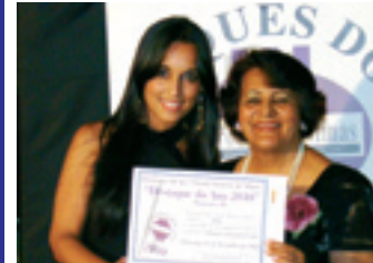
BIDA sonorização e iluminação de eventos
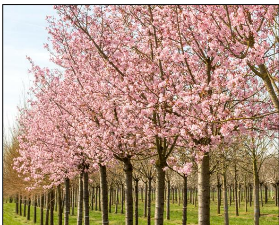
Třešně Sargentovy v květu

Stromy budou sázeny ve velikost B16-18 (stromy se zemním balem s obvodem kmínku 16-18 cm v 1 m výšky). Stromová mísa bude opatřena mlatovým povrchem.
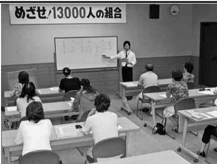
税金講習会の様子

初めて記帳をされる方や不慣れな方は、ぜひご参加ください。 ■日時 十月三日(木) 白色/午前十時~ 青色/午後一時三十分~
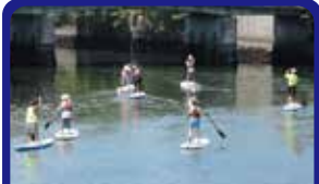
NPO法人海の森・山の森事務局 大岡川清掃に参加、体験レポート
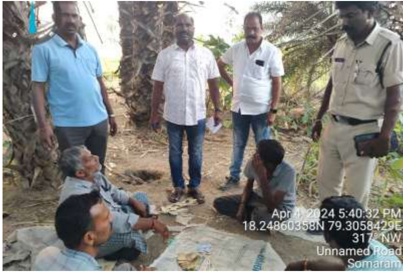
April 4, 2024 5:40:32 PM 18.24860358N 79.3058429E 317° NW Unnamed Road Somaram
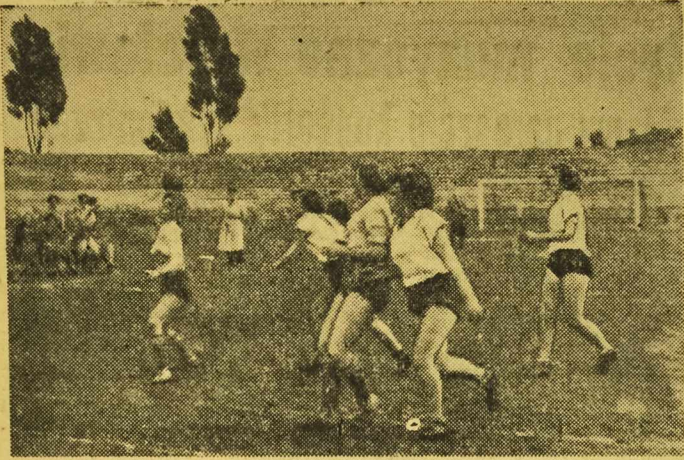
UNIA Łódź w meczu finałowym o mistrzostwo Polski w piłce ręcznej pokonała Budowlanych z Chorzowa 6:3. Na zdjęciu: fragment spotkania.
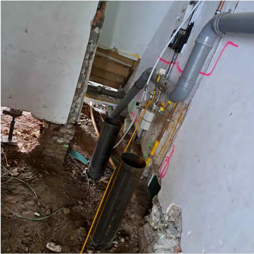
FUND (1) - 10-12-2025 14:42
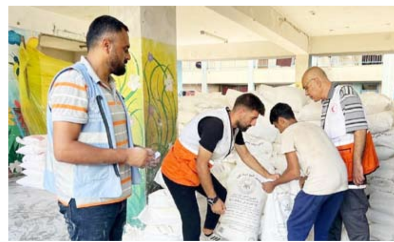
دخول 40 طناً من الطحين إلى «غزة» لمساعدة آلاف النازحين

دولة الكويت آلاف الأطنان من المساعدات الإغاثية والإنسانية لقطاع غزة ولا يزال الجسر الجوي الإغاثي الكويتي مستمراً إلى جانب إرسال عشرات سيارات الإسعاف منذ بدء عدوان الاحتلال الإسرائيلي على القطاع في السابع من أكتوبر الماضي.
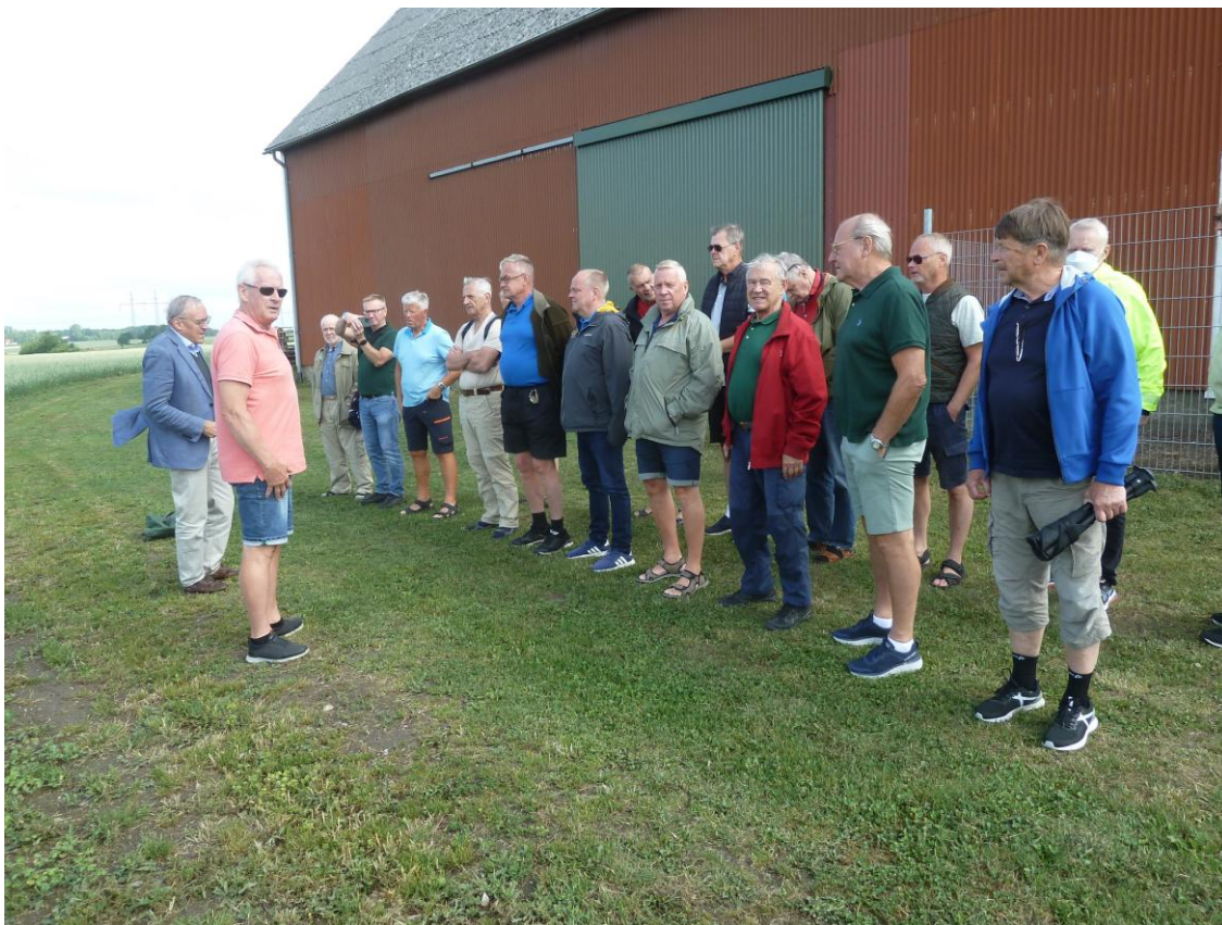
Här är hela församlingen uppställd på slagfältet vid Landskrona
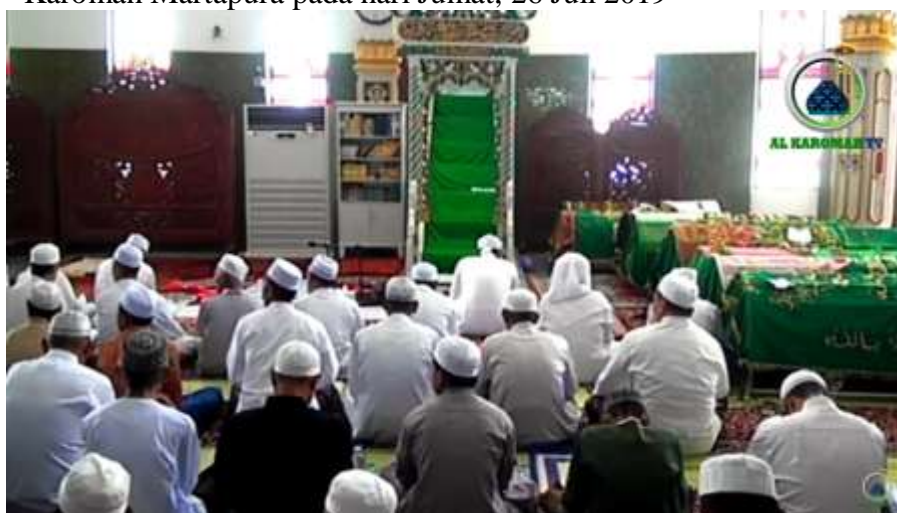
GAMBAR 4.4 Persiapan pelaksanaan salat jenazah di Masjid Agung Al-Karomah Martapura pada hari Jumat, 26 Juli 2019
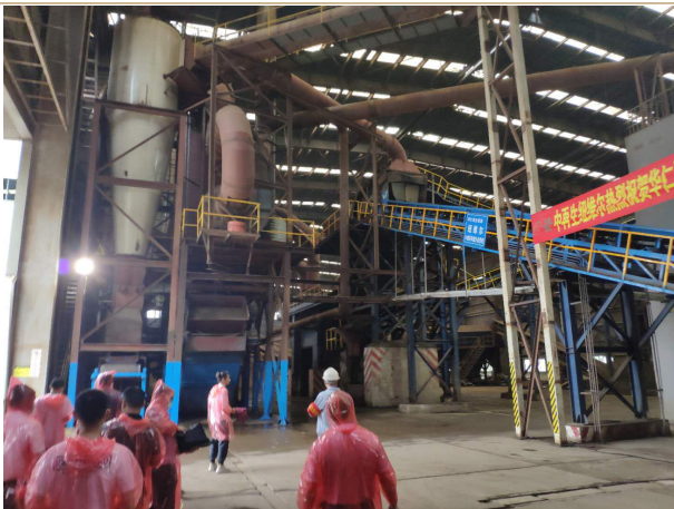
图表 12：6000 马力破碎线
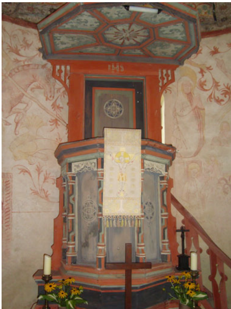
Kanzel in Hohenlangen- beck

Kanzel restauratorisch bearbeitet werden. Die Kanzel beansprucht auch deshalb besonderes Interesse, weil der Korb offensichtlich aus Teilen der Flügel eines mittelalterlichen Altarschreines zusammengesetzt wurde.
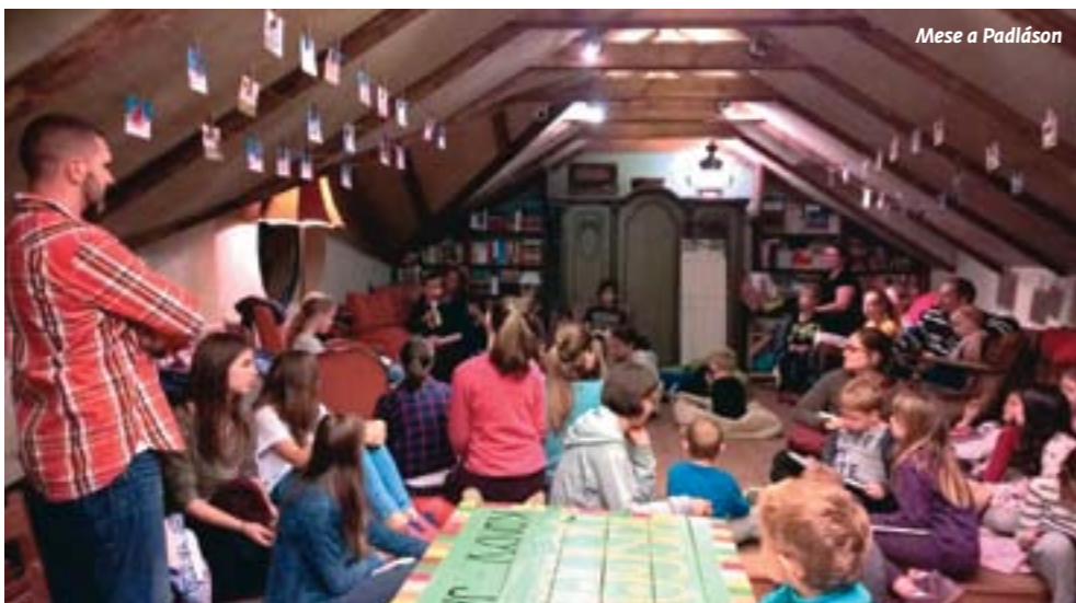
Mese a Padlásán
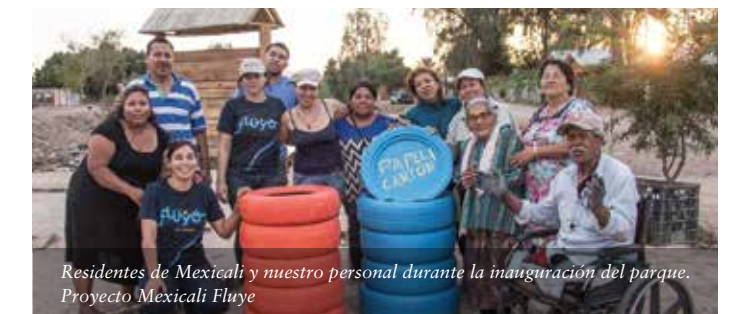
Residentes de Mexicali y nuestro personal durante la inauguración del parque. Proyecto Mexicali Fluye

Las alianzas comunitarias incluyentes fomentarán nuevas ideas y metodologías que documentarán la elaboración de políticas a escala estatal, regional y federal. Juntos seremos fuente de inspiración y motivación para que personas y comunidades planifiquen y asuman un futuro que brinde tanto oportunidades económicas como un medio ambiente saludable que las enriquezca y las sostenga.
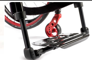
NSW050132 Plataforma única de carbono
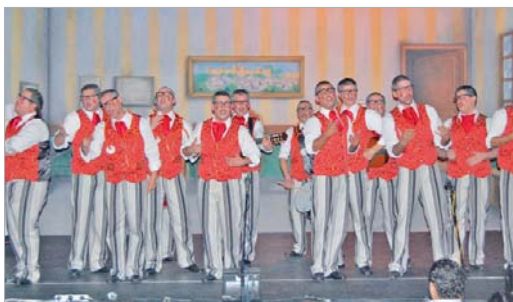
La comparsa de Alcalá de Guadaíra se llevó el primer premio de forma merecida.
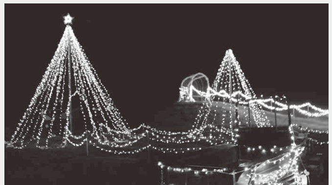
美しい光を放つイルミネーション

今年は「HOPE OF TREE」(希望の木)と名付けられたツリーのほか、アーチなどにLED電球およそ10,000個が取り付けられ、美しい光が訪れた人たちの目を楽しませました。
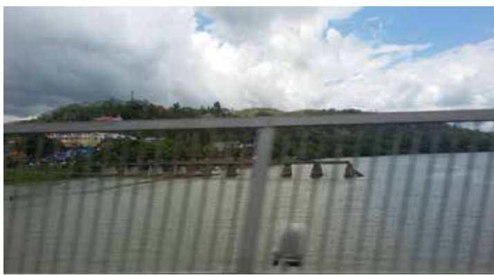
Enquanto passávamos pela ponte concluída, ao fundo estava a ponte pela metade

país tem 3 idiomas: fijiano, hindi e inglês.

____

The problem: Omitting the images, output each record precisely as written.

Answer to this problem:
BIDA sonorização e iluminação de eventos
Třešně Sargentovy v květu

Stromy budou sázeny ve velikost B16-18 (stromy se zemním balem s obvodem kmínku 16-18 cm v 1 m výšky). Stromová mísa bude opatřena mlatovým povrchem.
税金講習会の様子

初めて記帳をされる方や不慣れな方は、ぜひご参加ください。 ■日時 十月三日(木) 白色/午前十時~ 青色/午後一時三十分~
NPO法人海の森・山の森事務局 大岡川清掃に参加、体験レポート
April 4, 2024 5:40:32 PM 18.24860358N 79.3058429E 317° NW Unnamed Road Somaram
UNIA Łódź w meczu finałowym o mistrzostwo Polski w piłce ręcznej pokonała Budowlanych z Chorzowa 6:3. Na zdjęciu: fragment spotkania.
FUND (1) - 10-12-2025 14:42
دخول 40 طناً من الطحين إلى «غزة» لمساعدة آلاف النازحين

دولة الكويت آلاف الأطنان من المساعدات الإغاثية والإنسانية لقطاع غزة ولا يزال الجسر الجوي الإغاثي الكويتي مستمراً إلى جانب إرسال عشرات سيارات الإسعاف منذ بدء عدوان الاحتلال الإسرائيلي على القطاع في السابع من أكتوبر الماضي.
Här är hela församlingen uppställd på slagfältet vid Landskrona
GAMBAR 4.4 Persiapan pelaksanaan salat jenazah di Masjid Agung Al-Karomah Martapura pada hari Jumat, 26 Juli 2019
图表 12：6000 马力破碎线
Kanzel in Hohenlangen- beck

Kanzel restauratorisch bearbeitet werden. Die Kanzel beansprucht auch deshalb besonderes Interesse, weil der Korb offensichtlich aus Teilen der Flügel eines mittelalterlichen Altarschreines zusammengesetzt wurde.
Mese a Padlásán
Residentes de Mexicali y nuestro personal durante la inauguración del parque. Proyecto Mexicali Fluye

Las alianzas comunitarias incluyentes fomentarán nuevas ideas y metodologías que documentarán la elaboración de políticas a escala estatal, regional y federal. Juntos seremos fuente de inspiración y motivación para que personas y comunidades planifiquen y asuman un futuro que brinde tanto oportunidades económicas como un medio ambiente saludable que las enriquezca y las sostenga.
NSW050132 Plataforma única de carbono
La comparsa de Alcalá de Guadaíra se llevó el primer premio de forma merecida.
美しい光を放つイルミネーション

今年は「HOPE OF TREE」(希望の木)と名付けられたツリーのほか、アーチなどにLED電球およそ10,000個が取り付けられ、美しい光が訪れた人たちの目を楽しませました。
Enquanto passávamos pela ponte concluída, ao fundo estava a ponte pela metade

país tem 3 idiomas: fijiano, hindi e inglês.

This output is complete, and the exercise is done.